04.10.2021 Following exit from mitosis, RNA pol II is required for reestablishing 3D genome folding by loading cohesin complexes onto DNA

Using in situ Hi-C, it was shown that RNAPII is required for both compartment and loop establishment following mitosis. Evidence from cohesin/CTCF chromatin binding, super-resolution imaging, and in silico modeling pointed to these effects being a result of RNAPII-mediated cohesin loading upon G1 reentry.
Photo: Argyris Papantonis

Mammalian chromosomes are intricate three-dimensional(3D)  entities, and their 3D structure is intimately linked to the execution of their functions. This 3D structure though changes with every cell division as the process of mitosis induces drastic chromosome condensation. Subsequent reentry into the G1 phase of the cell cycle requires chromosomes to reestablish their 3D interphase organization.

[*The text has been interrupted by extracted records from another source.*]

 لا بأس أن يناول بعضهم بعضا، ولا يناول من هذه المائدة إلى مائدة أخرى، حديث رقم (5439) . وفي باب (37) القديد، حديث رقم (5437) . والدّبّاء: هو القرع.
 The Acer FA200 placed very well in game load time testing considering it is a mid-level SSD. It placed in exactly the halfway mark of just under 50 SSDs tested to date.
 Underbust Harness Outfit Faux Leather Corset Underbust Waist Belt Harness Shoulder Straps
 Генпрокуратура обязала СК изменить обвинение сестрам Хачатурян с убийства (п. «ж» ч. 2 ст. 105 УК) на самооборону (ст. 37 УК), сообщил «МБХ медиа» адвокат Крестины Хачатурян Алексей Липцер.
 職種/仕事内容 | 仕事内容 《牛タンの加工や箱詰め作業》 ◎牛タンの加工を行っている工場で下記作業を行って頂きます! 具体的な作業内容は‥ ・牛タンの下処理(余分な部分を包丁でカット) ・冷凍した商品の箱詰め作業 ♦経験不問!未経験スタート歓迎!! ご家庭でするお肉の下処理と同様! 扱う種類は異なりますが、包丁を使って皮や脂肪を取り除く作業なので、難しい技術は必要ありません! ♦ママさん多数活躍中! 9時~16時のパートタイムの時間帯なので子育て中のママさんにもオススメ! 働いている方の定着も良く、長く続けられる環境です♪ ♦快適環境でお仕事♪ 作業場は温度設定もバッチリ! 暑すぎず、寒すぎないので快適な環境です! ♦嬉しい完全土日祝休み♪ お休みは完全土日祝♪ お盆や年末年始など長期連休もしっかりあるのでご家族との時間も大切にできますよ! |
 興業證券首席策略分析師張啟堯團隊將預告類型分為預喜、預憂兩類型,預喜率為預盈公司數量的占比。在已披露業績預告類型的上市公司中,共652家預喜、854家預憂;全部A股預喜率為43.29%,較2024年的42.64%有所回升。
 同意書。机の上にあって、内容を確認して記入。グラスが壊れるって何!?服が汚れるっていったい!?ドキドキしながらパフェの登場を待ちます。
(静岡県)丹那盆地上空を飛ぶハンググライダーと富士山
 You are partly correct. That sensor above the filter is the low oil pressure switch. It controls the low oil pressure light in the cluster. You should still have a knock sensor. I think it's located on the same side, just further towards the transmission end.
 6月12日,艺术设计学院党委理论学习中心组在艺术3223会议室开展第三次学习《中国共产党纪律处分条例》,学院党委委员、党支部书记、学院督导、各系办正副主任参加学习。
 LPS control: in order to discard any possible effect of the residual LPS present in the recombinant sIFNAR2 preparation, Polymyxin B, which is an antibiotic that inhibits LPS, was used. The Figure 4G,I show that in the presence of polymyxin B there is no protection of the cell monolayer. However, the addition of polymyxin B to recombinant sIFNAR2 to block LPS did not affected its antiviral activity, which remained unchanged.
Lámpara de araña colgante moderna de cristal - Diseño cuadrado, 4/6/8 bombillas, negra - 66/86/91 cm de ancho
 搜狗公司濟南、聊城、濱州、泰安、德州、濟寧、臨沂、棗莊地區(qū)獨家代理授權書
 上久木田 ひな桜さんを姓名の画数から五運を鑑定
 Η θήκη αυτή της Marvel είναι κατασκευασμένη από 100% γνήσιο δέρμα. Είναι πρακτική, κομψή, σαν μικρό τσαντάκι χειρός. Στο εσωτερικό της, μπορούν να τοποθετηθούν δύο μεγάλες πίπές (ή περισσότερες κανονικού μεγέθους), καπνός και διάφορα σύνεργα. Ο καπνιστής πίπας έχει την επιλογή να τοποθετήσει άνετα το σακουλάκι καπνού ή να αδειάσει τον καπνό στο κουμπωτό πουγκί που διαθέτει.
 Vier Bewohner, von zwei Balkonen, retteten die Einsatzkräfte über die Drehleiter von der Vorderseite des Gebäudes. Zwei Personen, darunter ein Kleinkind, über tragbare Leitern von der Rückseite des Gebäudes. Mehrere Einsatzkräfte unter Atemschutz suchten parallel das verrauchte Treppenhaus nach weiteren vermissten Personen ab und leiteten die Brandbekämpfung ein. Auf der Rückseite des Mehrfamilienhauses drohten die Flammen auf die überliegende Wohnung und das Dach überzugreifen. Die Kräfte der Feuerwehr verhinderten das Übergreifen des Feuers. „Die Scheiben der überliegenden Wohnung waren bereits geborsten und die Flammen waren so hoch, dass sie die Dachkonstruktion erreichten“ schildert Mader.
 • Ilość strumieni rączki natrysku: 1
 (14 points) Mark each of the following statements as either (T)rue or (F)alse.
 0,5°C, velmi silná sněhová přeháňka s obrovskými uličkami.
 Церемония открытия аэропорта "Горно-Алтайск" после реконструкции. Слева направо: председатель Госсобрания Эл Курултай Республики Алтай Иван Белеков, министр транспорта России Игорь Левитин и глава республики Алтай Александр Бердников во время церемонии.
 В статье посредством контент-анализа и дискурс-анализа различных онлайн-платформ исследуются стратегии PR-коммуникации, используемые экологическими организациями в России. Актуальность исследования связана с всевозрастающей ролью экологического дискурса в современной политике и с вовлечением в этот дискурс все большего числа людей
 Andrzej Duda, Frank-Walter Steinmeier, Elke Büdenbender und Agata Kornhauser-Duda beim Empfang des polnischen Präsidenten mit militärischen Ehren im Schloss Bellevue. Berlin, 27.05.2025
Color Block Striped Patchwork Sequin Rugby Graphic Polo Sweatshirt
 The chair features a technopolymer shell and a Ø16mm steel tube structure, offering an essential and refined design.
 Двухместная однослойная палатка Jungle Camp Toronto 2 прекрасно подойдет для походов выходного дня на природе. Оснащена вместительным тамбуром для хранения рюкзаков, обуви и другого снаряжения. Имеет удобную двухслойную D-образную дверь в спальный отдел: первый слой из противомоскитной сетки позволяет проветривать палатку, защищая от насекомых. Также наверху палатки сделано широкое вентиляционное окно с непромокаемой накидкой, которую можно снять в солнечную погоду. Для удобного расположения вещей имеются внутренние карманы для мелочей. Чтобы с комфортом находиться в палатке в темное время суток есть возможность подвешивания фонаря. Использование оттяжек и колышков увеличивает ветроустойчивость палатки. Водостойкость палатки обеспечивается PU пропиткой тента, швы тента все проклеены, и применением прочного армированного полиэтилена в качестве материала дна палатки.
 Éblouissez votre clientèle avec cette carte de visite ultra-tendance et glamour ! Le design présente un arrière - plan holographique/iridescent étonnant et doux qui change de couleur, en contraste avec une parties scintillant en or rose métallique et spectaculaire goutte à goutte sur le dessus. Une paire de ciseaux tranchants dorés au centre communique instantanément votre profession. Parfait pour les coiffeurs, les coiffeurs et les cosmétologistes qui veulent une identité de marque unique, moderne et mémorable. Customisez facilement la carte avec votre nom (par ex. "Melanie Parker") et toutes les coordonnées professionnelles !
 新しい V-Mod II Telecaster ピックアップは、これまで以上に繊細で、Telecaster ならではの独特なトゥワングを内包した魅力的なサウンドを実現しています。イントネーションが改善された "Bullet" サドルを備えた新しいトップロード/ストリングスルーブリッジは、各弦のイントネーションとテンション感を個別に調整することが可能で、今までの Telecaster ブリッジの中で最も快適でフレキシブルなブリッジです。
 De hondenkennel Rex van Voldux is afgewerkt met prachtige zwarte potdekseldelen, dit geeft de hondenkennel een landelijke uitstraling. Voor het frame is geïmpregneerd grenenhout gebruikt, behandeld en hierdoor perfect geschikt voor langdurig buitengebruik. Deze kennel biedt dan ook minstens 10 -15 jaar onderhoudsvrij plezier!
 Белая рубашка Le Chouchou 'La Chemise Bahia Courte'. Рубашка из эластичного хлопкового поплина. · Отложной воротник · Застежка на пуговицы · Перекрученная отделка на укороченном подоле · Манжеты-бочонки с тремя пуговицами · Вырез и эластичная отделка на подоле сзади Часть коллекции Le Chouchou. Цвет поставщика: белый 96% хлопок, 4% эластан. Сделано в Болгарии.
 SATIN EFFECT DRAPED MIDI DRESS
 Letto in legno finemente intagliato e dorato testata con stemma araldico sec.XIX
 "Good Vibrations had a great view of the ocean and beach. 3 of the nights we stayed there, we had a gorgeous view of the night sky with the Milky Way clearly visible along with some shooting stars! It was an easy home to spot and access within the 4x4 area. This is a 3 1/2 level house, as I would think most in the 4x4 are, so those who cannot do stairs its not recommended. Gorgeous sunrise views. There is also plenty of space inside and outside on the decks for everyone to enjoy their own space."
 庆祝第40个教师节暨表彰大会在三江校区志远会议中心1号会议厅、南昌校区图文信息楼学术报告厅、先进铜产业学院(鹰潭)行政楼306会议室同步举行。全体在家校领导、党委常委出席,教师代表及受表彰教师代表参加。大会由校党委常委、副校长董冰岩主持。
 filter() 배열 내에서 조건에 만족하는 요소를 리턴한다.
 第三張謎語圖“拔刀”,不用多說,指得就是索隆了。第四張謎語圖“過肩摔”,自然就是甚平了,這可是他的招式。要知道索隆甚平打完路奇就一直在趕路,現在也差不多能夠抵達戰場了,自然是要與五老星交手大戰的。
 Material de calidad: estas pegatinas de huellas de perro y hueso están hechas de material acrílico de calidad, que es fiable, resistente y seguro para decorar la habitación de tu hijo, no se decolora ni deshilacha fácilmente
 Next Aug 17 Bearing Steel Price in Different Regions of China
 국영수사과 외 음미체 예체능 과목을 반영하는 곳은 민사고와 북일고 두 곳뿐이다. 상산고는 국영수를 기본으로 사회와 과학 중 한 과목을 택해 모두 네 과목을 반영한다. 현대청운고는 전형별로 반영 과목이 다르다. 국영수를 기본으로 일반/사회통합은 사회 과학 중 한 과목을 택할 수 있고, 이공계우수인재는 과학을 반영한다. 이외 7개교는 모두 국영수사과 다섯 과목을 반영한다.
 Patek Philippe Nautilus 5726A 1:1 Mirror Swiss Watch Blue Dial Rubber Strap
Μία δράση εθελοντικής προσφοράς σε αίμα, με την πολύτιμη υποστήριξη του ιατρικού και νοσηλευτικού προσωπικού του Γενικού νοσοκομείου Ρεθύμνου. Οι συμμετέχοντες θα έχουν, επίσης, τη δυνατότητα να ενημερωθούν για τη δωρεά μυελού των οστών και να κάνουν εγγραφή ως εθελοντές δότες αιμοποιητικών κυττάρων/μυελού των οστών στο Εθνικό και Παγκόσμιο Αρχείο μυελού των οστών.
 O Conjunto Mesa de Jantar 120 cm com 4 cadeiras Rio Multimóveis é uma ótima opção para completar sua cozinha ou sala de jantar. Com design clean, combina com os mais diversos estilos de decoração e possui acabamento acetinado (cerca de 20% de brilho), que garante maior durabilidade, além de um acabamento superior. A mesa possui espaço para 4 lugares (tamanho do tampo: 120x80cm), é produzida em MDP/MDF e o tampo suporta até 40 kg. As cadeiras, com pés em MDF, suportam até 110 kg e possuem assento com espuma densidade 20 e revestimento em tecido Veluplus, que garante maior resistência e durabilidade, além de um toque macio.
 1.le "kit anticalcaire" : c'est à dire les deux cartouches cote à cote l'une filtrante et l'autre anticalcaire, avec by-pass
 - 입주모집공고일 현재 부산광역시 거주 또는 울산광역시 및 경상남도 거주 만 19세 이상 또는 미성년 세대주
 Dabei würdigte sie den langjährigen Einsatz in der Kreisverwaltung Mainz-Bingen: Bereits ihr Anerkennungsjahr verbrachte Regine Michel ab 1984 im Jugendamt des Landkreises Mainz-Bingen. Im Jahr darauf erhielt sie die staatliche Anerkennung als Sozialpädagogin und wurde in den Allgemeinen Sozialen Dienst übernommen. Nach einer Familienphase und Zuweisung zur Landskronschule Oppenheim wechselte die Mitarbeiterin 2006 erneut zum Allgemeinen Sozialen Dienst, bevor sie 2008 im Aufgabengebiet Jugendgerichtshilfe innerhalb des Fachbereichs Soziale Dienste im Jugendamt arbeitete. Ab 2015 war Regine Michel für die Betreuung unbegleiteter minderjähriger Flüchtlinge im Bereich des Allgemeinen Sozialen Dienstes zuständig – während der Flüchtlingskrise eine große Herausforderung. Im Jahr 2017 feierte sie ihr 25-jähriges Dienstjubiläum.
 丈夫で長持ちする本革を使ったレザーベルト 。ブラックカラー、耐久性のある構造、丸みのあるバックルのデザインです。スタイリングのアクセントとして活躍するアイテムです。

We tested the role of RNAPII in this transition using cell that allow for its controllable and acute degradation. Using In situ Hi-C, we were able to show that RNAPII is required for both compartment and loop establishment following mitosis. Evidence from cohesin/CTCF chromatin binding, super-resolution imaging, and in silico modeling pointed to these effects being a result of RNAPII-mediated cohesin loading upon G1 reentry. Our findings reconcile the role of RNAPII in gene expression with that in 3D chromatin architecture.

Full Text Link:"RNA polymerase II is required for spatial chromatin reorganization following exit from mitosis" (will be added soon)

Contact:

Nadine Übelmesser (PhD Student Göttingen)
(PI Göttingen)
(PI Rotterdam)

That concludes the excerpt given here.